So...fast forward slightly.  You have some existing players/users of the system approaching DOJ, looking to write supplements (like Strike Force), or run official events at conventions.  They ask what book they should use.  If the book or event falls into one of the genres for which the complete entry level books have been written, they're told they should use them.  Because that's how the books are sold -- if you haul out references to Classes of Minds in your Champions supplement, people are going to cry foul, as Classes of Minds aren't covered in that book.  This does not mean that the complete books replace the core rule books.  It doesn't mean that Classes of Minds are no longer part of the Hero System. It means simply that the complete books are exactly what they were built as: entry point devices for new players which simplify the system.  They're a starting point, not a replacement for the full 6E1&2.

When you misunderstand him or misinterpret what he says?  

1. Look at the top of every page on this site.  Tell me what it says.

2. Saying that you need to be compliant with the rules in CC means you need to be compliant with HERO System 6th Edition.  If you were talking about writing a Champions supplement, then yes, that is the book you'd want to concern yourself with -- that subset of the 6E rules.  If you were talking about writing a Fantasy Hero supplement, guess which book you'd be told to be in compliance with?  Now guess which book you'd be told you need to be in compliance with if you wanted to write a Western Hero supplement or book -- I'll give you a hint: it's in 2 volumes and rhymes with Hero System 6th Edition.

3. Don't trust me on this?  Talk to Jason.  I do it all the time.  CC follows Hero System 6th Edition.  It lacks some of the rules in the main rulebooks...because that's the point behind it.  FHC follows Hero System 6th Edition in the same way.  Know what the official rules for Hero System are?  6th Edition.

Then you have zero concept of business in general or the insanely tight / small market for rpgs in particular.
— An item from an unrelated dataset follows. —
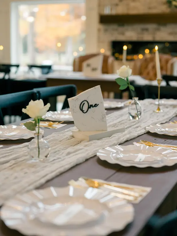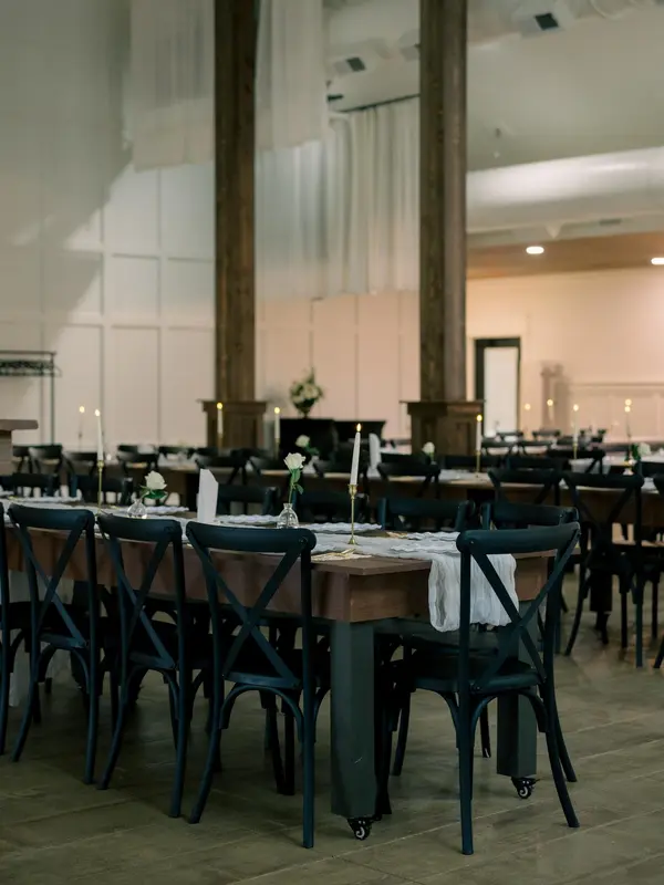 Our indoor space is suitable for an indoor ceremony and reception! Fully climatized and features an electric fireplace, handmade wooden tables & chairs for 150 guests. A stunning space on its own or the perfect backdrop to customize your big day.

Please think before you post.

Do you really think that there is an unlimited pool of potential sales out there? That putting a product up for sale in one place (or in one format) won't impact the sales of the product in another place (or another format)?

Do you really not think at ALL about business or relative costs?

Look at the last sentence that I quoted from the TOS.  That part about the margin after print cost of the book is taken off of the sale price.  Pesky little detail, I know.  Apply it to what you know about the various books in question.  Consider the size of 6E1 and 6E2 and the "print cost" that will be taken off of the sale price...prior to the 40% take of drivethrurpg.  That's your cost metric for consideration.

Maybe you thought that the print cost that would be taken off would be static across the board (regardless of the size of the book, the complexity, the amount of graphics, etc.).  If so, I would suggest that you perform similar business calculations as what we'll get into for DriveThruRPG -- they're not going to lose money on their end (even potential money) just because a given book is larger than average.  The risks are greater for them, the costs are greater, and their charges are (correspondingly) greater.

Now let's talk business for a moment, shall we?  Might as well have someone do it, since you don't seem to want to go that route...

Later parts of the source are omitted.